On Sunday, I walked the Ballachullish Horseshoe on my own. I started my day at 8:45am by scrambling up the East-North-East ridge of Sgorr Bhan (the so-called School-House Ridge) and finished by dropping off the horseshoe into the forsest of Glenachullish (3pm). The route was 12.2km in length, with 1420m of ascent. The weather was claggy, rainy, windy and generally not great! This added to the duration of the day (I had to keep checking my map and also the snow slopes to check they were safe enough to walk on).
Gaining the summit of Sgorr Ban was fairly staright forward due to good firm neve underfoot and crampon tracks from walkers the previous day. Tackling the ridge from here to the summit of Sgorr Dhearg (1024m) was rather more testing.....

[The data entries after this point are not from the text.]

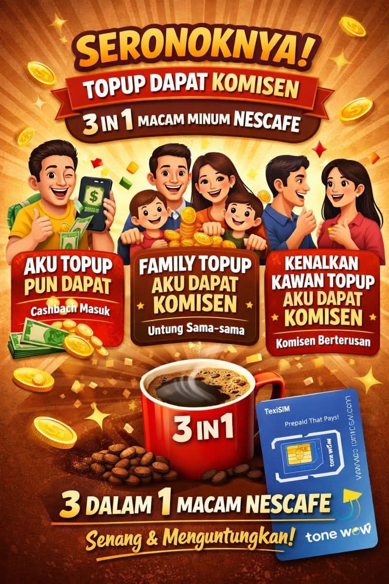YANG BAGUSNYA.... ANAK-ANAK 13 TAHUN BOLEH JADI RESELLER SIMKAD TONE WOW. BILA UMUR 18 NANTI, NAK SAMBUNG BELAJAR, BUKA PERNIAGAAN SENDIRI TAK PAYAH SUSAH-SUSAH BUAT PINJAMAN NAMPAK TUAN-TUAN?
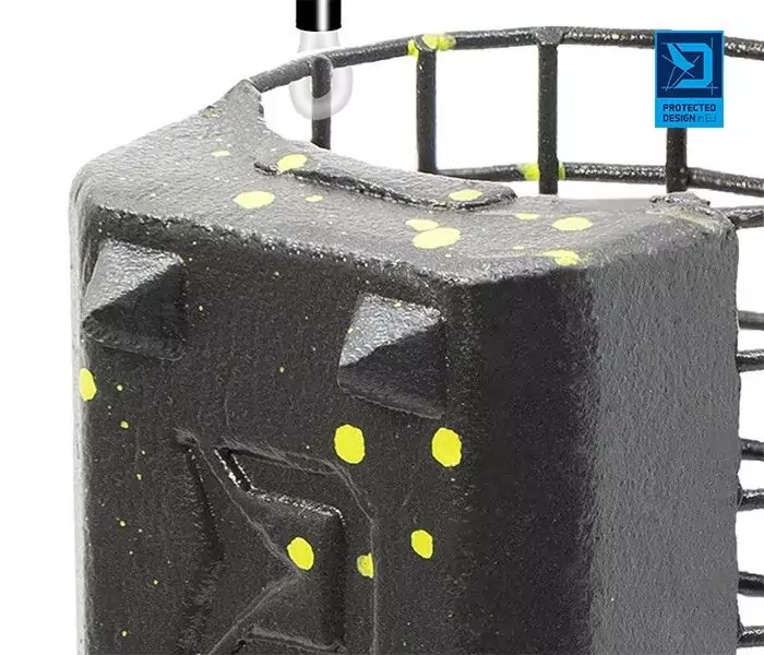 Der RiverStix Futterkorb ist in Schwarz mit den grünen Flecken ausgeführt. Diese Farbkombination tarnt den Futterkorb auf dem Grund eines fließenden Flusses und fügt sich außerdem perfekt in die REAXE-Feederserie ein.
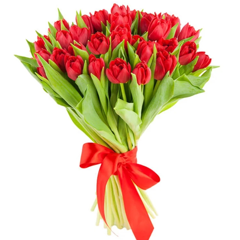 Букет состоит из 29 красных тюльпанов, прозрачная упаковка, атласная лента.
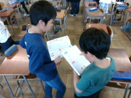 外国語活動では、好きなことを尋ねたり、答えたりしました。積極的に話しかける姿が見られました。
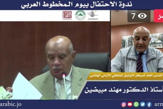نظّم مجمع اللغة العربية الأردني صباح اليوم الاثنين الرابع من نيسان ندوةً افتراضية بمناسبة يوم المخطوط العربي لعام ٢٠٢٢م بالتعاون مع مركز التوثيق الملكي الأردني الهاشمي ودائرة المكتبة الوطنية، تحت شعار "إرثنا المخطوط في زمن العولمة"، أدارها عضوُ المجمع الأستاذ الدكتور محمد حوّر عبر تقنية الاتصال المرئي عن بعد، بحضور أمين عام المجمع الأستاذ الدكتور محمد السعودي وعدد من الأعضاء، وشارك فيها باحثون محليون وعرب وهم: عضو المجمع الأستاذ الدكتور سمير الدروبي، والأكاديمي والمؤرخ والدبلوماسي السعودي الأستاذ الدكتور محمد آل زلفة، والأكاديمي والمؤرخ والدبلوماسي اليمني الأستاذ الدكتور حسين العَمري، والمدير العام لمركز التوثيق الملكي الأردني الهاشمي الأستاذ الدكتور مهند مبيضين، والمدير العام لدائرة المكتبة الوطنية الأستاذ الدكتور نضال العياصرة، والباحث في مركز الدراسات الاستراتيجية في الجامعة الأردنية الدكتور المهدي الرواضية، ومدير وحدة البحوث والخدمات المعرفية والتواصل المؤسسي في مركز التوثيق الملكي الدكتور محمود العبيدي، ومدير وحدة الترميم والصيانة في مركز التوثيق الملكي الأستاذ سليمان الشقيرات. رحّب حوّر بالمشاركين في الندوة التي أتت في إطار الاحتفال بيوم المخطوط العربي الذي ترعاه المنظمة العربية للتربية والثقافة والعلوم (الألكسو) بجامعة الدول العربية، وتحتفل به الدول العربية الأعضاء، كما تحتفل به أحياناً جهات إسلامية وأجنبية. واشتملت الندوة على ثماني أوراق بحثية هي: "مجمع اللغة العربية الأردني وتحقيق كتاب الفلاحة الأندلسية لابن العوام الإشبيلي" للدروبي، و"خطر الحروب على وضع المخطوط العربي" لآل زلفة، و"إرثنا المحفوظ في زمن العولمة" للعَمري، و"مخطوط الدر المكنون للغزي، الجزء الثامن" لمبيضين، و"دور المكتبة الوطنية في حفظ الذاكرة الوطنية" للعياصرة، و"من رفوف المكتبات ودور المخطوطات إلى واجهة الحواسيب وشاشات الهواتف الذكية" للرواضية، و"منهج تحقيق النسخ الفريدة في التراث العربي" للعبيدي، و"ترميم الوثائق والمخطوطات في الأردن، مركز التوثيق الملكي الأردني الهاشمي أنموذجاً" للشقيرات. وتحدث الدروبي عن دور مجمع اللغة العربية الأردني في تحقيق كتاب الفلاحة الأندلسية لابن العوام الإشبيلي، وتقع الموسوعة في سبعة أجزاء موزعة ومرتبة على أبواب وفصول وفق المنهج الذي اعتمده المؤلف، وأقام الدروبي دراسة علمية قيمة على هذه الموسوعة، وأشار إلى الجهود المبذولة في مجال دراسة الفلاحة في العالم وعند العرب في المشرق والمغرب، وذكر أهم المدارس المعنية في الفلاحة منذ القرن التاسع الميلادي، وقسم المحققون الموسوعة إلى قسمين، تضمن الأول دراسة موسعة وُزعت على ستة فصول تضمنت دلالة لفظة الفلاحة اللغوية والاصطلاحية في المعاجم اللغوية وكتب تصنيف العلوم عند العرب وكتب الفلاحة، وتضمنت حياة المؤلف ابن العوام ومؤلفاته، ومصادر الكتاب، وأهمية هذه الموسوعة وقيمتها العلمية، ونشرات الموسوعة وترجماته، ونسخها الخطية ومنهجية العمل في التحقيق. وتضمن القسم الثاني النص المحقق اعتماداً على نسخة باريس، ونسخة المتحف البريطاني، ونشرة المستشرق بانكويري. وتقاسم المحققون إنجاز الموسوعة، بحيث تولى الدروبي كتابة المقدمة والدراسة والفهارس الفنية وثبت المصدر والمراجع، وتولى الدكتور أنور أبو سويلم تحقيق المجلد الأول (الأجزاء الأول والثاني والثالث)، وتولى الدكتور علي المحاسنة تحقيق المجلد الثاني (الأجزاء الرابع والخامس والسادس). وبعد الفراغ من التحقيق صنع المحققون فهارس فنية واسعة للموسوعة تضمنت أسماء النبات والحيوان والأمراض والترب والأدوات والمصطلحات ونحو ذلك. وأشار آل زلفة في حديثه إلى أن المخطوط العربي كان من أبرز ضحايا الحروب، التي ظلت على مدى التاريخ من أبرز المهددات للمخطوط العربي، وأن الحروب الحديثة التي شهدها عالمنا العربي في عقوده الأخيرة والتي لا يزال بعضها مستمرا من أهم
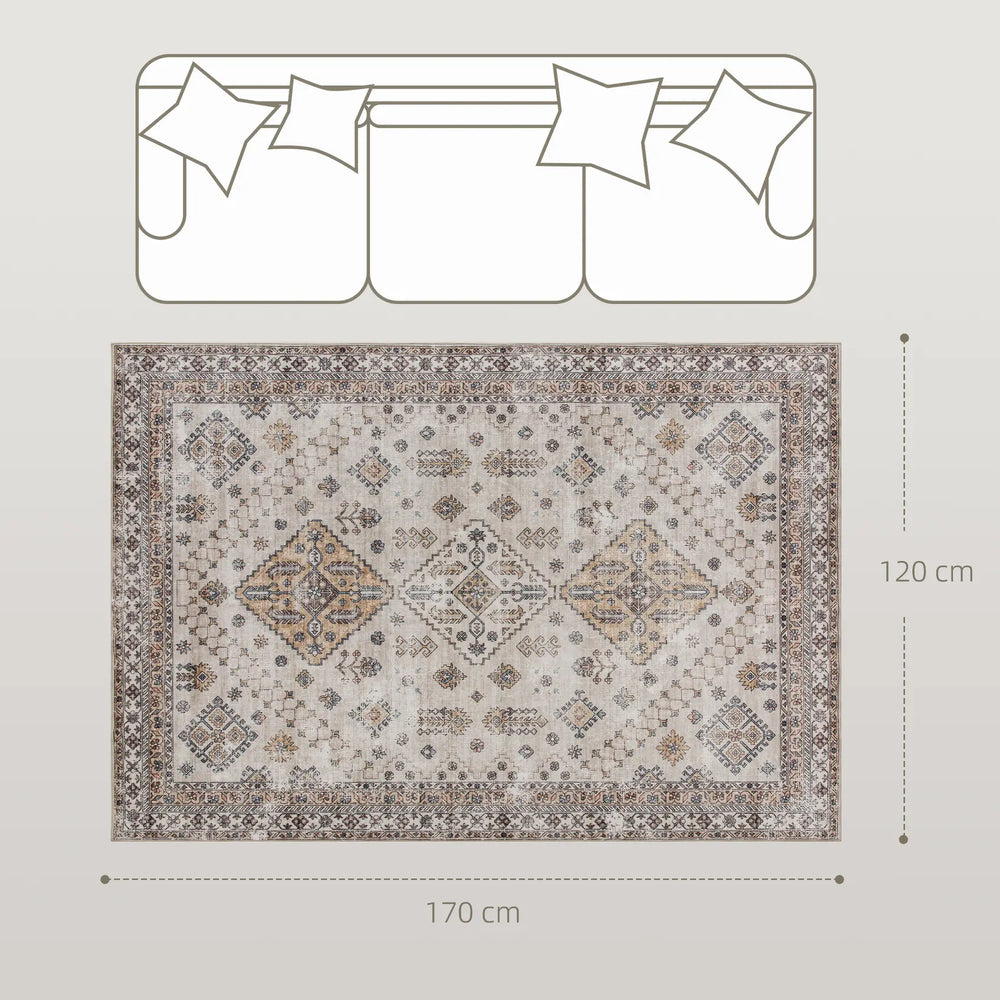 HOMCOM Vintage Area Rug, Non-Slip Washable Rug, Flannel Floor Carpet for Living Room, Bedroom, Dining Room, Home Office, 170 x 120 cm, Beige
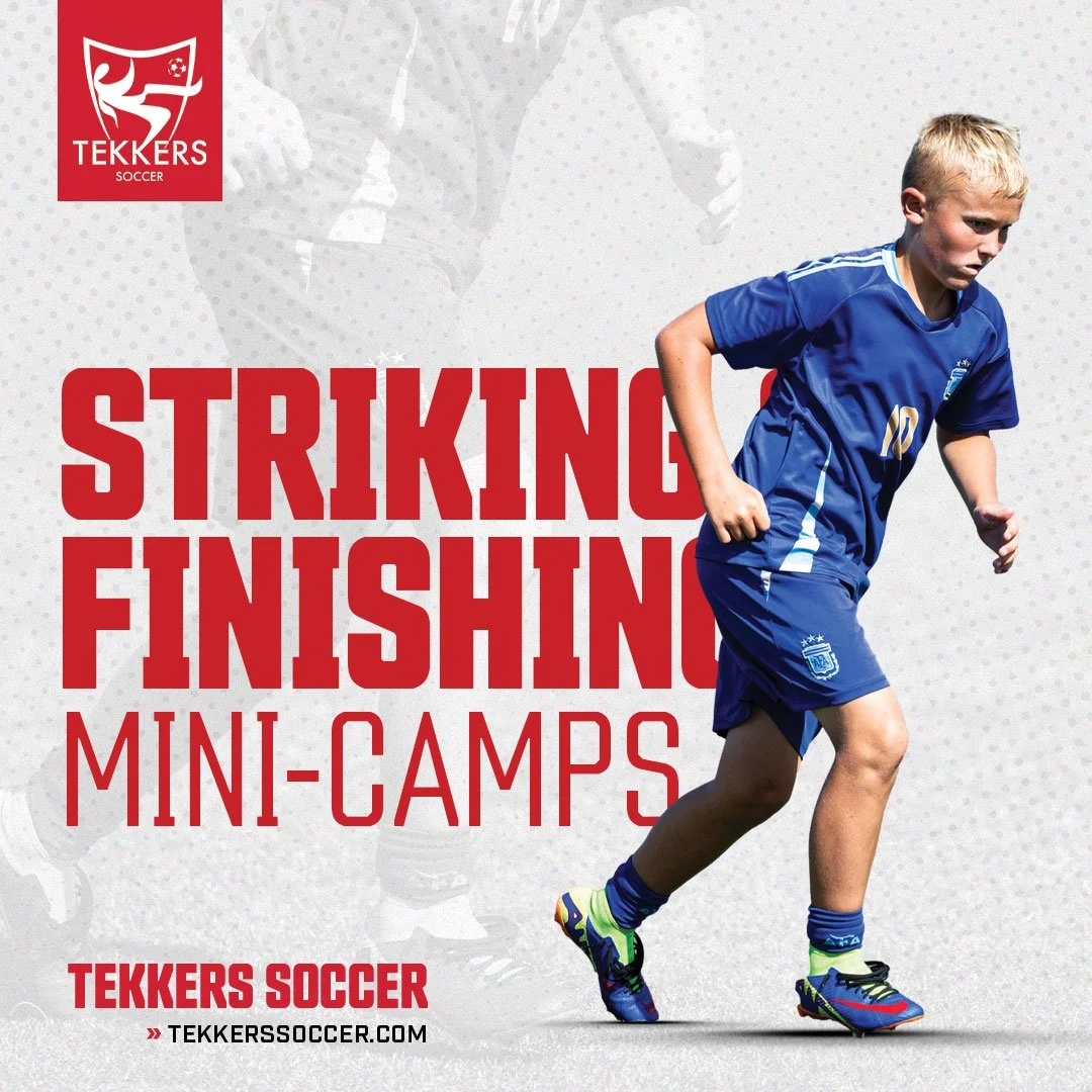 Tekkers Soccer Striking & Finishing minicamp focuses on all the little details that go into putting the ball in the back of the net on a consistent basis. The Striking & Finishing minicamp will help build and retain good habits when striking a ball.
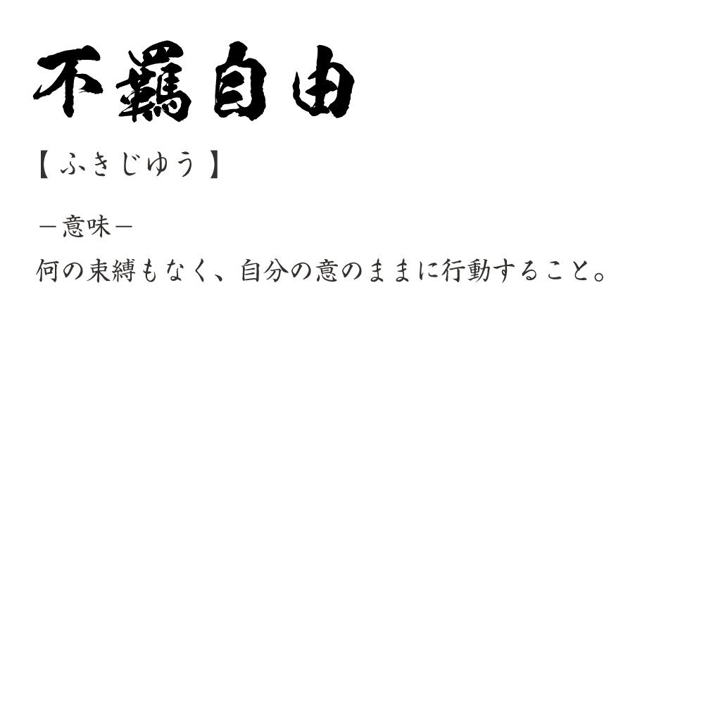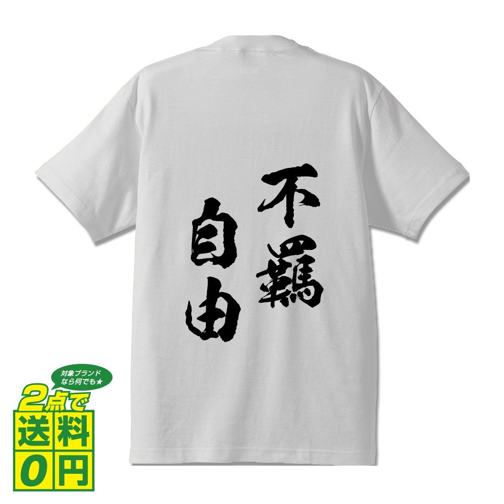 不羈自由 (ふきじゆう) 書道家が書く プリント Tシャツ S M L XL XXL 120 130 140 150 G-S G-M G-L 【 四字熟語 】

Sgorr Dhearg on a nicer day! [Inspire Mountaineering] |
Sgorr Dhonuill on a nicer day! [Inspire Mountaineering] |
From here the ridge loses much of its charm (in my view) and the rest of the horseshoe is made up of endless knolls, spurs and smaller summits. This sunday there was a lot of deep, drifted snow which was old and soft. This meant that progress became very slow with me constantly sinking up to my thighs! Very tiring.
Eventually I had enough and dropped of the ridge (033572) and managed some excellent "bum-sliding" in my waterproof trousers, which helped speed up the descent considerably!! I was expecting a horrible battle with thickly-forested trees to reach the track in Glenachullish but actually it worked out rather well, with only about 200m-worth of trees to pick through before reaching the huge track (yeeha!) and a straight forward walk out to the car park.
An excellent training-day but most definitely a slog. If I did this route again, I would try and descend to Glenachullish much earlier after Sgorr Donhuill and try and miss out some of the miserable terrain on the western most part of the horseshoe!